====== DATA PROVIDED ======
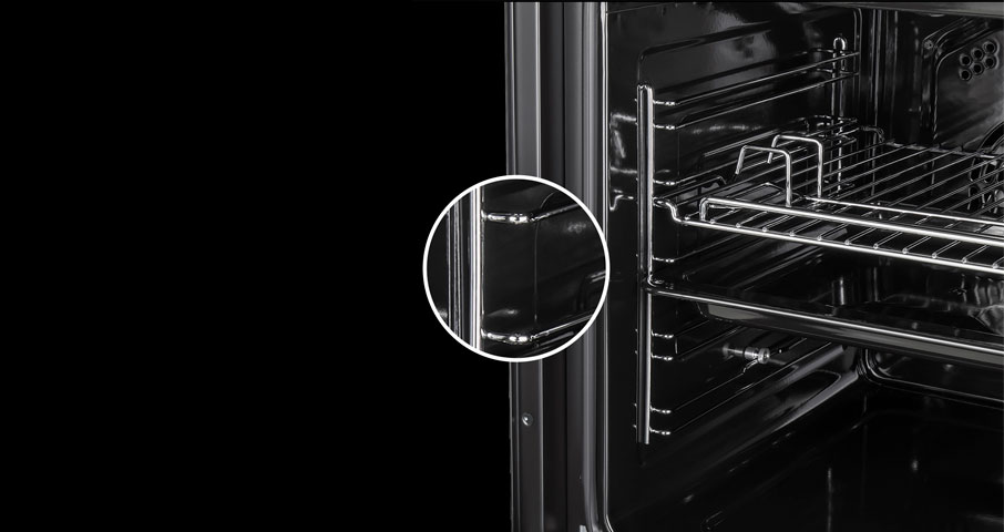 Объем 60 л при стандартной ширине духового шкафа 60 см позволяет готовить одновременно несколько блюд, разместив решетку или противень на одном из 5-ти уровней боковых направляющих. Один уровень оснащен удобными телескопическими направляющими. Внутреннее покрытие камеры выполнено из специальной легкоочищающейся эмали черного цвета.
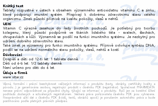 Tablety rozpustné v ústech s obsahem významného antioxidatnu vitaminu C a zinku, které podporují imunitní systém. Přispívají k dobrému zdravotnímu stavu celého organizmu. Zinek působí příznivě na kvalitu pokožky, vlasů a nehtů.
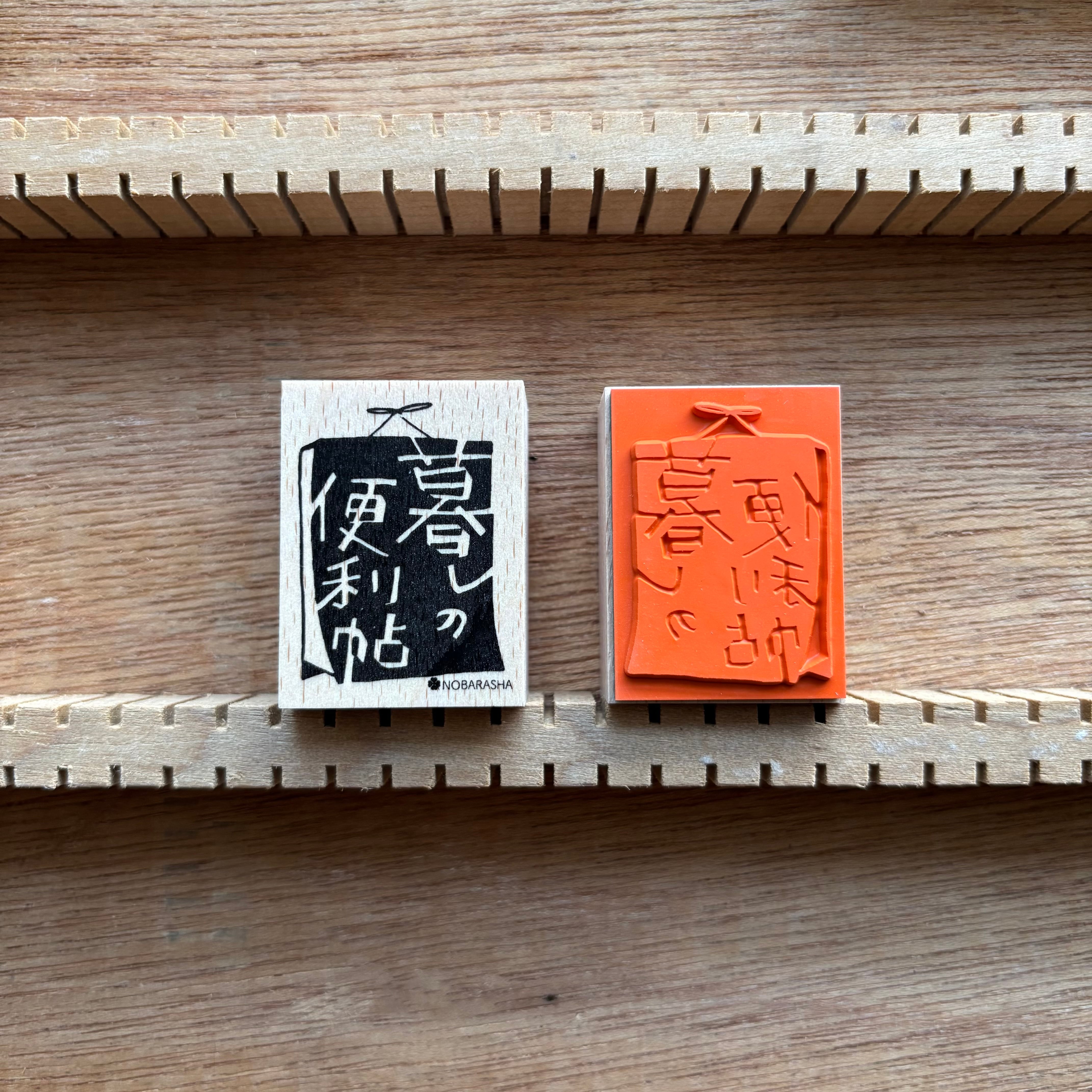 野ばら社の図案集より手描きの「暮らしの便利帖」の文字をはんこにしました。
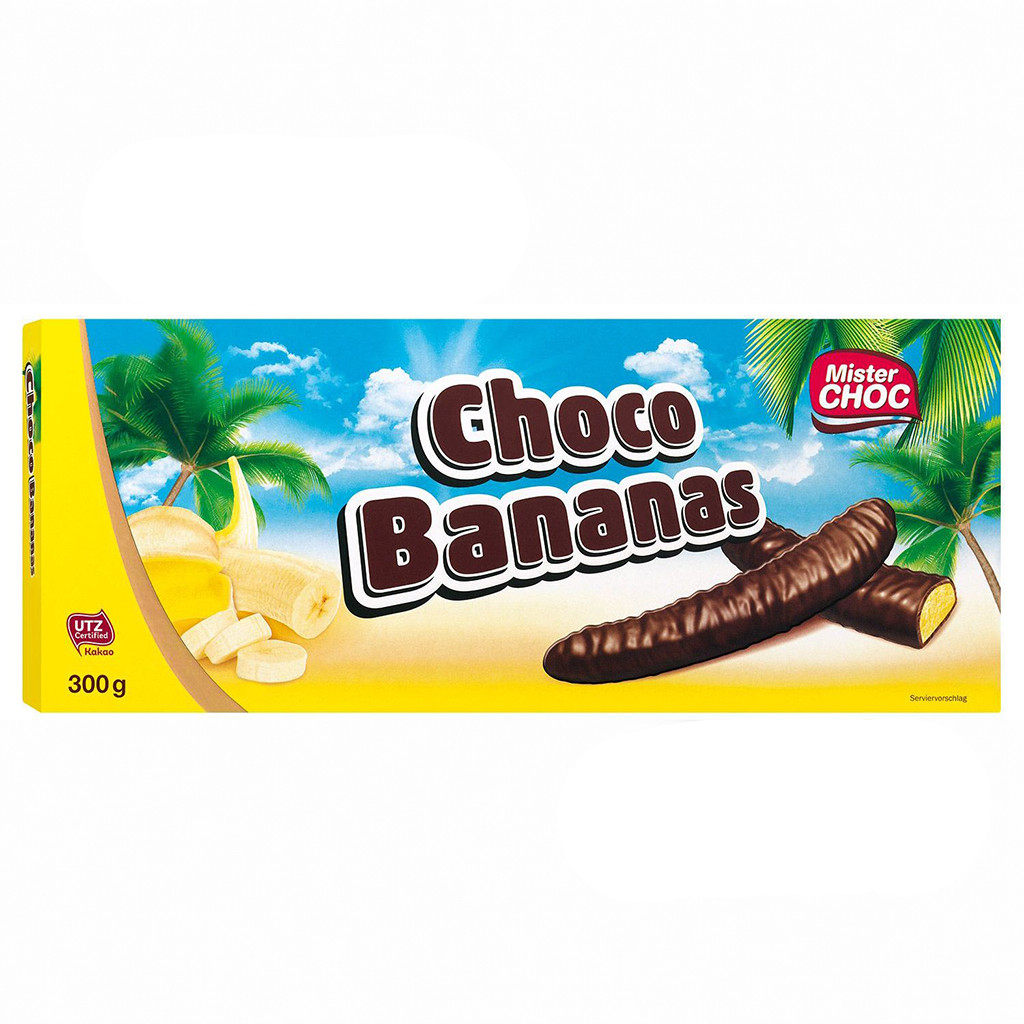 Цукерки Бананове Суфле в Шоколаді Mister Choc Choco Bananas 300 г — це ніжні солодощі з м’яким банановим суфле, вкритим шаром смачного шоколаду.
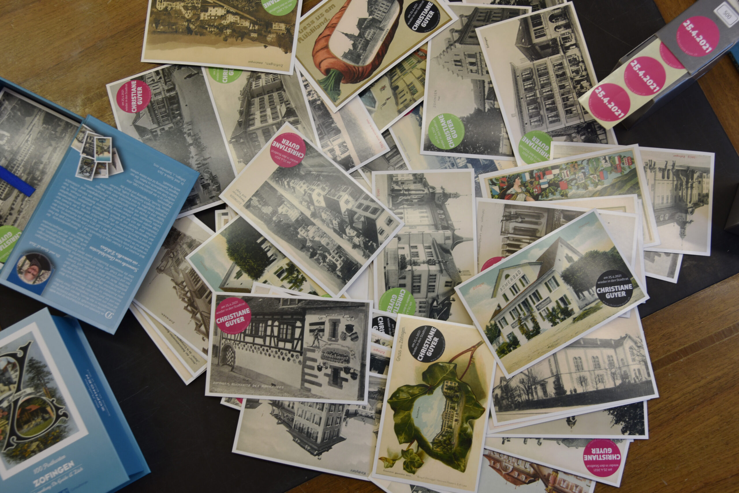Die Wahlkampagne basiert auf wiederverwertetem Wahlkampagnenmaterial früherer Jahre und Restbestände von historischen Postkarten von Zofingen. Punktuell aufgefrischt und neu interpretiert erhalten sie ein neues Leben ganz nach den grünen Idealen der Nachhaltigkeit. Auf den Druck neuer Werbematerialen wird bewusst verzichtet. Mit einer schonenden Nutzung der Ressourcen unter dem Motto «von der Vergangenheit lernen, in der Gegenwart leben, für die Zukunft einstehen» lebt sie ihre politische Überzeugung vor. Auch die Frage, wie können in der aktuell für viele Leute schwierigen Zeit, die zur Verfügung stehenden Mittel sinnvoll einsetzt werden? Das durch den Verzicht auf Druckmaterialien und Giveaways eingespart Geld, wird stattdessen in Gutscheine des Zofinger Gewerbevereins investiert. So kann das lokale Gewerbe davon profitieren und die Bevölkerung hat die Möglichkeit diese an den Standaktionen zu gewinnen.
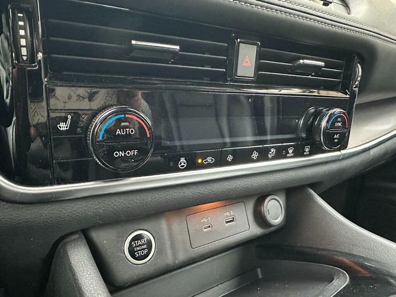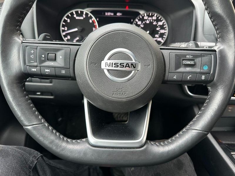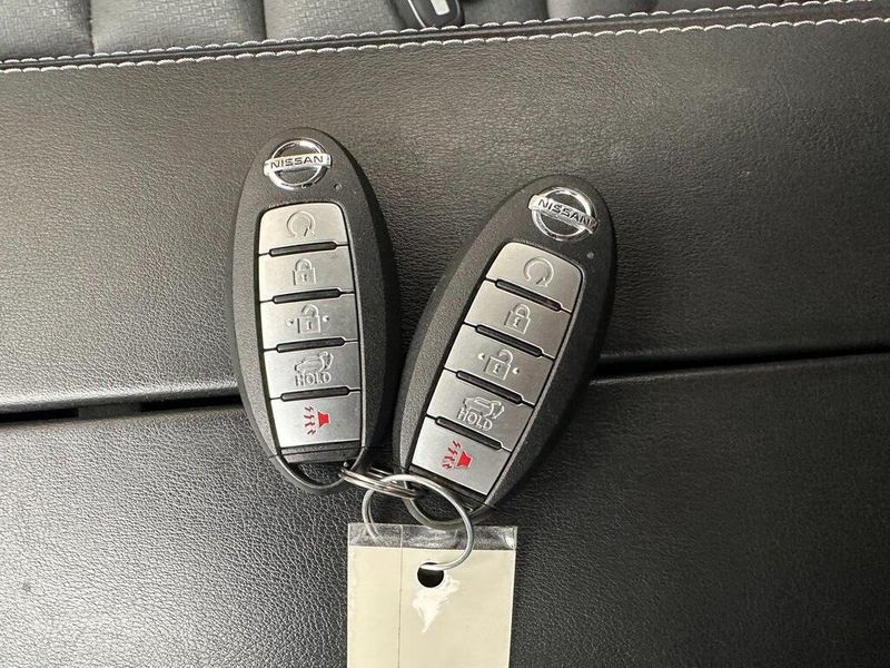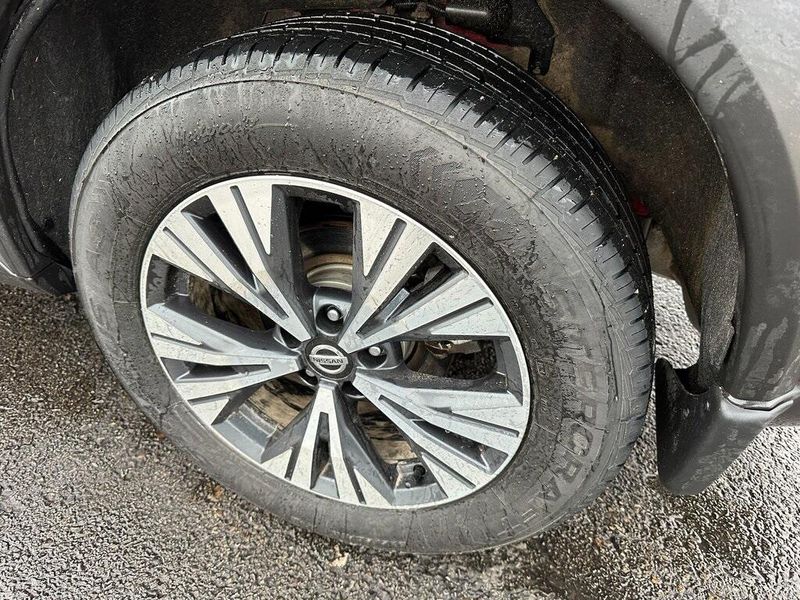 THIS VEHICLE INCLUDES THE FOLLOWING OPTIONS AND FEATURES: Premium Package (Heated Driver & Front Passenger Seats, Heated Leather-Wrapped Steering Wheel, Leatherette Seat Trim, Power Liftgate, Power Panoramic Moonroof, Roof Rails, and Second Row Sunshades), 6 Speakers, Air Conditioning, AM/FM Radio, AM/FM radio, Power driver seat, Power steering, Power windows, Radio data system, Rear Parking Sensors, Remote keyless entry, Steering wheel mounted audio controls, 18'' Aluminum Alloy Wheels, 4-Wheel Disc Brakes, 5.604 Axle Ratio, ABS brakes, Alloy wheels, Auto High-beam Headlights, Automatic temperature control, Black Splash Guards (Set of 4), Brake assist, Bumpers: body-color, Chrome Rear Bumper Protector, Delay-off headlights, Driver door bin, Driver vanity mirror, Dual front impact airbags, Dual front side impact airbags, Electronic Stability Control, Emergency communication system: NissanConnect Services, First Aid Kit, Floor Mats w/1-Piece Cargo Area Protector, Four wheel independent suspension, Front anti-roll bar, Front Bucket Seats, Front Center Armrest, Front dual zone A/C, Front reading lights, Fully automatic headlights, Heated door mirrors, Illuminated entry, Knee airbag, Low tire pressure warning, NissanConnect featuring Apple CarPlay and Android Auto, Occupant sensing airbag, Outside temperature display, Overhead airbag, Overhead console, Panic alarm, Passenger door bin, Passenger vanity mirror, Power door mirrors, Rear anti-roll bar, Rear seat center armrest, Rear side impact airbag, Rear window defroster, Rear window wiper, Security system, Speed control, Speed-Sensitive Wipers, Split folding rear seat, Spoiler, Tachometer, Telescoping steering wheel, Tilt steering wheel, Traction control, Trip computer, Turn signal indicator mirrors, and Variably intermittent wipers.
======
▸ ACTIVITY: An exact copy is needed of the stretch above that opens with the line containing "野ばら社の図案集より手描きの「暮らしの便利帖」の文字をはんこにしました。" and closes with the line containing "Цукерки Бананове Суфле"; the pictures are not part of it.

▸ YOUR RESPONSE:
 野ばら社の図案集より手描きの「暮らしの便利帖」の文字をはんこにしました。
 Цукерки Бананове Суфле в Шоколаді Mister Choc Choco Bananas 300 г — це ніжні солодощі з м’яким банановим суфле, вкритим шаром смачного шоколаду.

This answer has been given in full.